Seperti disebutkan di atas, Permenkes 1636/2010 ini bukan dimaksudkan untuk mewajibkan sunat perempuan, bukan pula melegitimasi atau melegalisasi sunat perempuan. Permenkes 1636/2010 ini digunakan sebagai standar operasional prosedur (SOP) bagi tenaga kesehatan apabila ada permintaan dari pasien atau orangtua bayi untuk melakukan sunat perempuan pada diri atau bayinya.


Masih mengutip dari artikel yang sama, jika sunat perempuan dilarang dilakukan oleh tenaga kesehatan, padahal pada kenyataannya di masyarakat praktik tersebut masih berlangsung, dikhawatirkan masyarakat yang ingin menyunat bayi perempuannya justru akan pergi ke dukun dan hal tersebut justru akan menimbulkan berbagai komplikasi. Jika tenaga kesehatan mendapat permintaan dari pasien atau orang tua bayi perempuan untuk melakukan tindakan sunat, maka prosedur sunat perempuan harus dilakukan sesuai Permenkes 1636/2010 dan hal tersebut akan menjamin keamanan dan perlindungan sistem reproduksi perempuan.

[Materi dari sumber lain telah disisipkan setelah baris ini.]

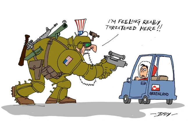 But Dear Leader has noticed that Greenland is near Russia if you hold the globe right, and as he is building a wall to keep everyone south of the Rio Grande from coming here, he’s now trying to find a way to keep Europeans and Asians from walking across the North Pole right into our 51st state of Canada.
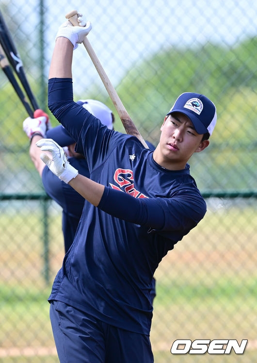 휘문고를 졸업하고 지난해 신인 드래프트에서 1라운드 전체 3순위로 롯데에 입단한 김민석은 '제2의 이정후(25·키움)'로 기대를 모으고 있다. 지난해 고교 3학년 시절 타율 0.544(68타수 37안타)로 이영민 타격상을 수상할 정도로 타격에 재능을 뽐냈다.
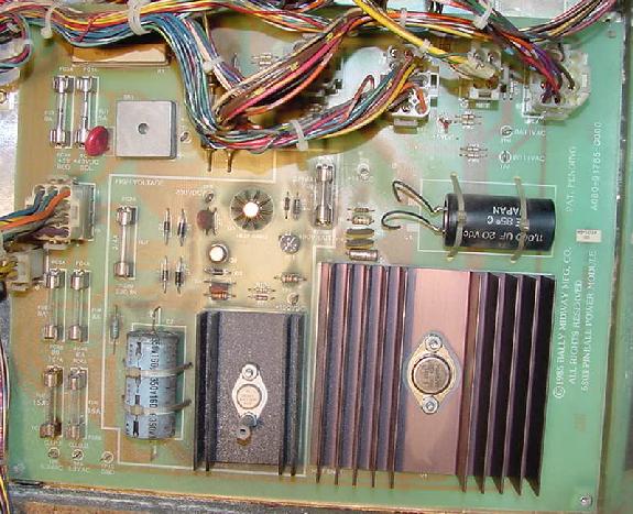 The game's main power fuses are located on the power supply board. With the power off, remove each fuse and check with a DMM set to continuity. Also check the fuse for the proper value and type (slow or fast blow). Replace as needed. The power supply board is nicely silkscreened with what each fuse does and its value. Upper left corner:
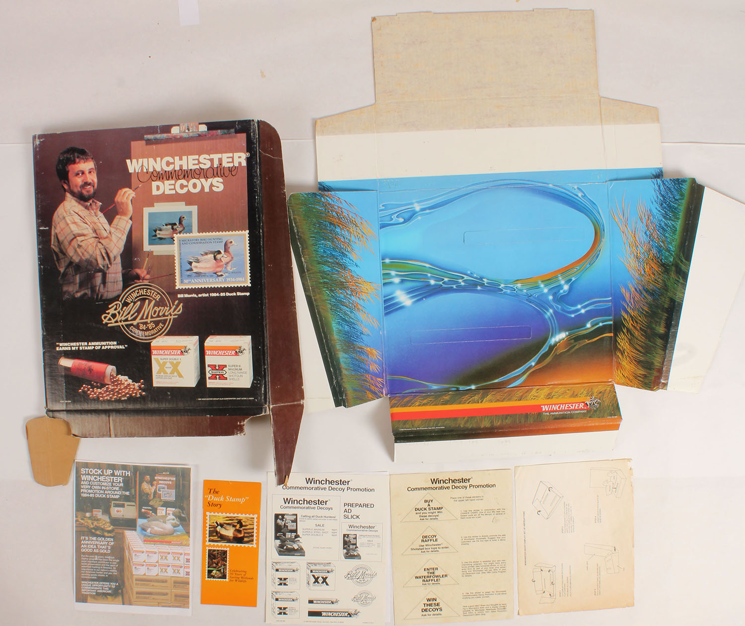 Winchester/Bill Morris decoy diecut with paperwork, nice full color diecut promoting Bill's decoys, 16'' x 24 1/4'' x 16''. Grade: Excellent - Value: 2 to 30

Dalam meninjau praktik sunat perempuan berdasarkan asas gender dan non-diskriminatif, kita perlu melihat pada pengertian gender dalam Pasal 1 angka 2 Permendagri No. 67 Tahun 2011 tentang Perubahan Atas Permendagri No. 15 Tahun 2008 tentang Pedoman Umum Pelaksanaan Pengarusutamaan Gender di Daerah(“Permendagri 67/2011”):


“Gender adalah konsep yang mengacu pada pembedaan peran, fungsi dan tanggung jawab laki-laki dan perempuan yang terjadi akibat dari dan dapat berubah oleh keadaan sosial dan budaya masyarakat.”

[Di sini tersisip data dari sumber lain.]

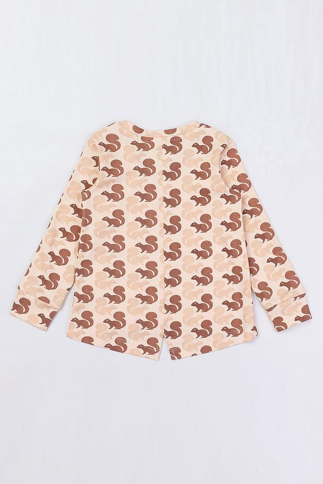 Детская футболка КотМарКот бежевого цвета с очаровательным принтом в виде белок. Изготовлена из мягкого и приятного к телу хлопка, обеспечивая комфорт в течение всего дня. Прекрасный выбор для повседневной носки. Состав: хлопок 100%
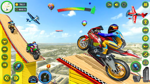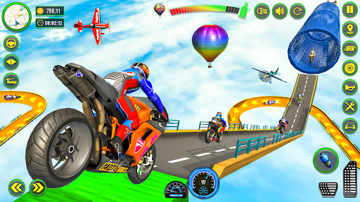 – Multiple bikes collection, sports moto and formulators used in GT Mega Ramp stunt: motorcycle Game
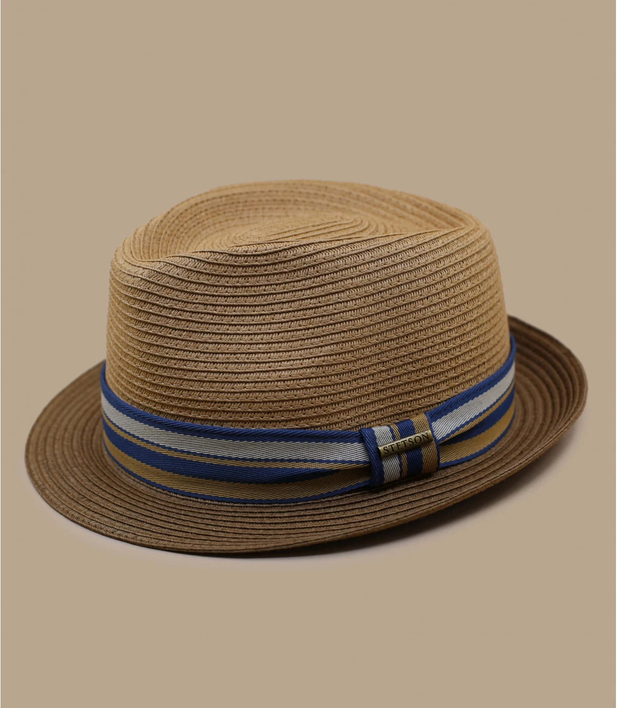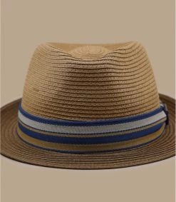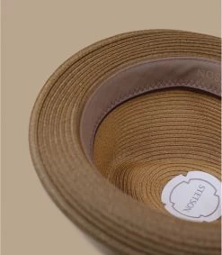 Der Trilby Hut kann zu jeder Gelegenheit getragen werden: zu einer Party, einer Veranstaltung oder zum Sonnenbaden. Dieses braune Modell ist aus Toyo gefertigt. Ein Schweißband schützt das Innere des Hutes vor Feuchtigkeit. Der Hut ist mit einem großen grauen Ripsband verziert, das die Marke zeigt.
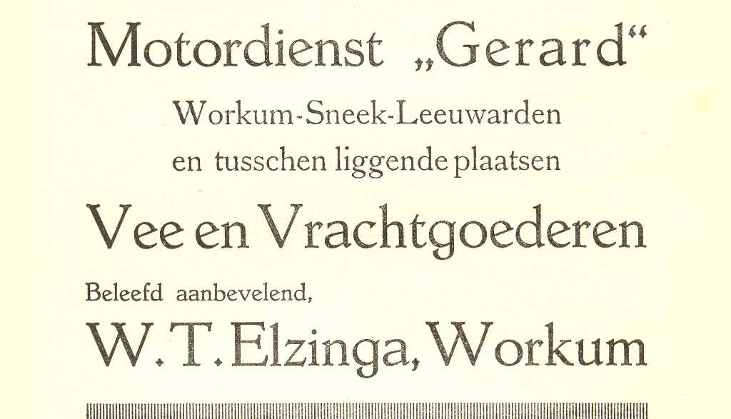| M.s. “Gerard”, waarmee Wijbe Elzinga vanaf 1930 tot in de oorlog de beurtdienst Workum – Sneek – Leeuwarden onderhield. De “Gerard” was genoemd naar een telg uit de familie Faber en een zusterschip van de “Johanna Jacoba” in IJlst en van de “Mintje”, waarmee hij tijdens de oorlog voer. Op de achtergrond zien we de spoorbrug met de toen nog bestaande Wachtpost. |
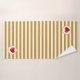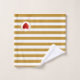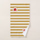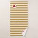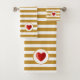 Élégante serviette sertie de beau coeur avec rayures dorées et blanches sur l'arrière - plan. Chic et moderne serviette de bain.
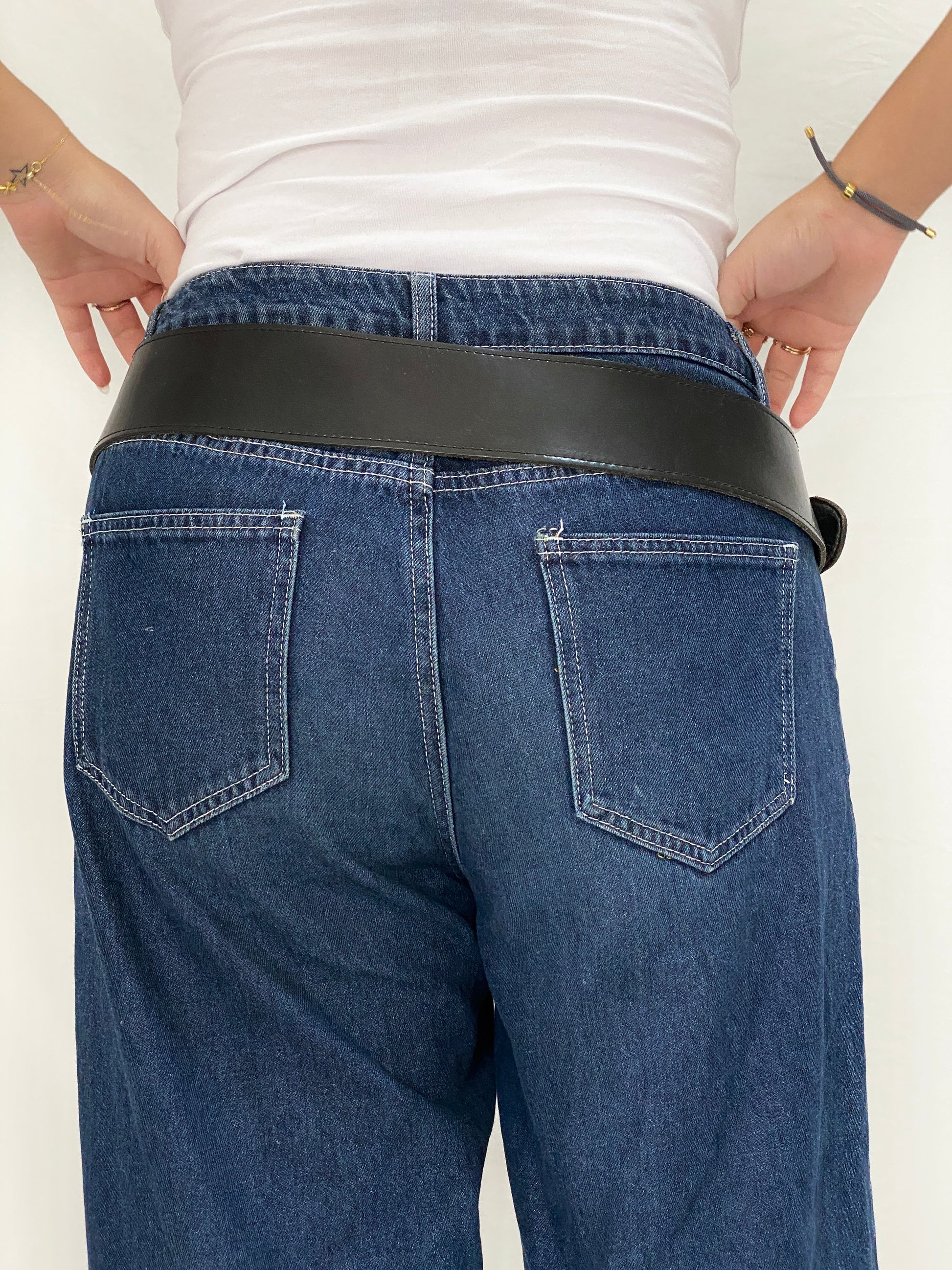 Bold, sculptural, and so Y2K — this vintage wide genuine leather belt features a dramatic oversized silver ring buckle that instantly elevates any outfit. Made from thick, high-quality black leather with clean stitching and a smooth finish, it’s the perfect statement accessory for jeans, dresses, oversized blazers, and low-rise fits.
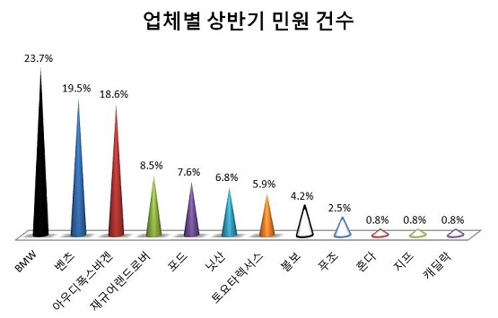 올 상반기 메르세데스-벤츠, BMW, 아우디폭스바겐, 볼보, 푸조, 닛산, 토요타(렉서스), 혼다, 재규어랜드로버, 지프, 포드, 캐딜락 등 국내 수입차 업체 12곳을 대상으로 소비자들이 가장 많은 불만을 제기한 문제는 ‘품질(고장)’ 민원이었다. 이어 AS 불만이 뒤를 이었는데 두 민원의 비중은 전체의 69.4%에 달했다.

Dan asas non-diskriminatif merupakan asas perlakuan yang sama yang dapat kita temui dalam Pasal 1 angka 3 dan 4 Permendagri 67/2011 yakni mengenai kesetaraan gender dan keadilan gender:


“Kesetaraan Gender adalah kesamaan kondisi bagi laki-laki dan perempuan untuk memperoleh kesempatan dan hak-haknya sebagai manusia, agarmampu berperan dan berpartisipasi dalam kegiatan politik, ekonomi, sosial budaya, pertahanan dan keamanan, dan kesamaan dalam menikmati hasil pembangunan.”


“Keadilan Gender adalah suatu proses untuk menjadi adil terhadap laki-laki dan perempuan.”

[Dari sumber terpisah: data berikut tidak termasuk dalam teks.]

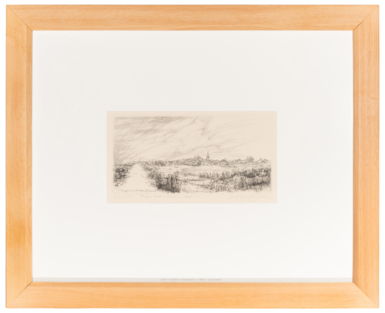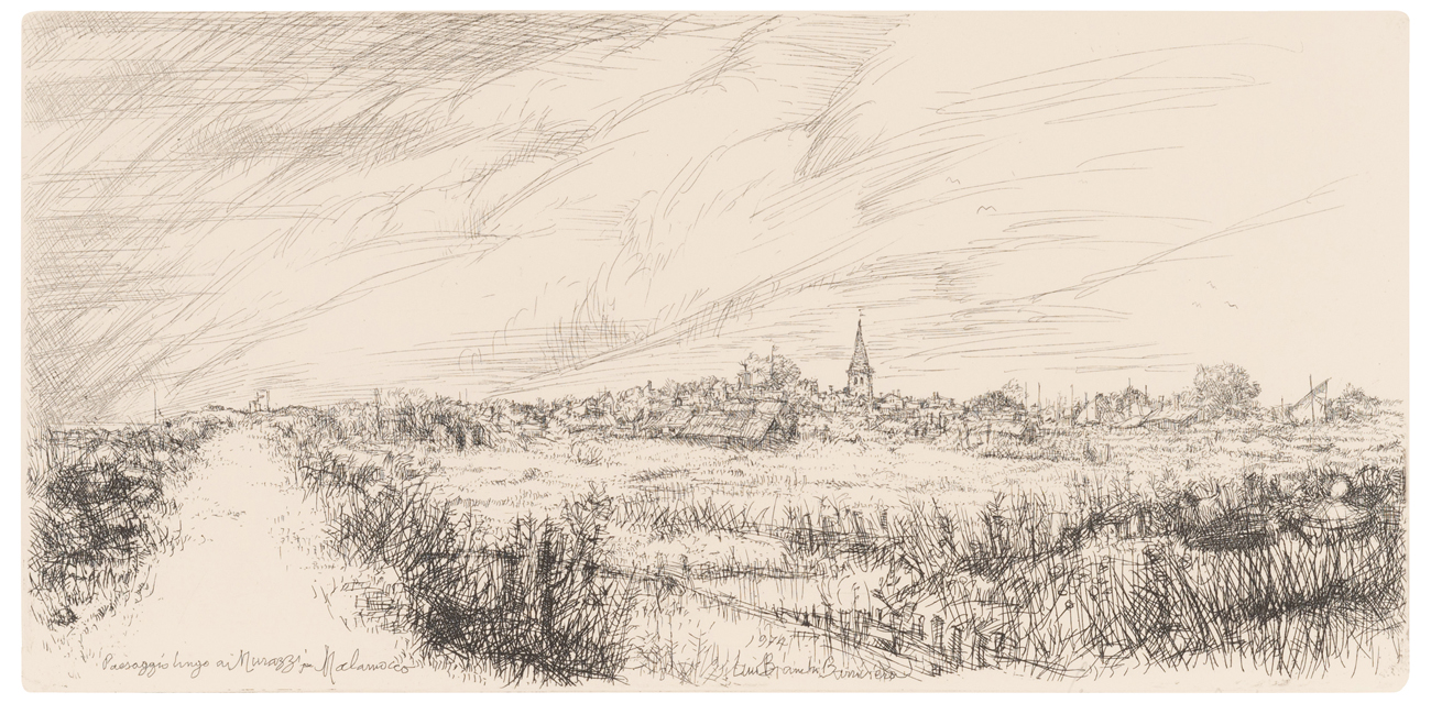 Altre iscrizioni: “VI/XX p. d’a.”, “Paesaggio lungo i Muracci in Malamocco” al recto a matita; “Paesaggio lungo ai Murazzi. Malamocco” in lastra
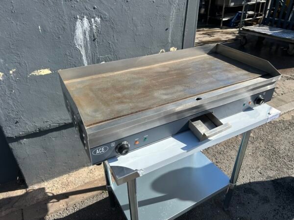 Elevate your cooking game with the Ace 100cm Electric Mild Steel Griddle. With its sleek stainless steel cooking surface and two burners, this commercial-grade griddle is perfect for restaurant and food service use. The thermostatic control ensures precise cooking temperatures, giving you optimal results every time. This top-of-the-line griddle from ACE is perfect for any kitchen looking to up their cooking game. The unit’s electric power type ensures easy operation and the mild steel construction ensures durability. Whether you’re cooking up a storm in a commercial kitchen or preparing a feast for family and friends, the Ace 100cm Electric Mild Steel Griddle is the perfect addition to your cooking

Pada dasarnya, dari beberapa pengertian di atas, sunat perempuan tidak ada hubungannya dengan peran, fungsi dan tanggung jawab perempuan.


Jadi, sunat perempuan yang diatur dalam Permenkes 1636/2010 ditujukan untukmemberikan perlindungan pada perempuan dengan pelaksanaan sunat perempuan yang dilakukan sesuai dengan ketentuan agama, standar pelayanan, dan standar profesi untuk menjamin keamanan dan keselamatan perempuan yang disunat.Tidak ada kaitannya dengan asas gender dan non-diskriminatif.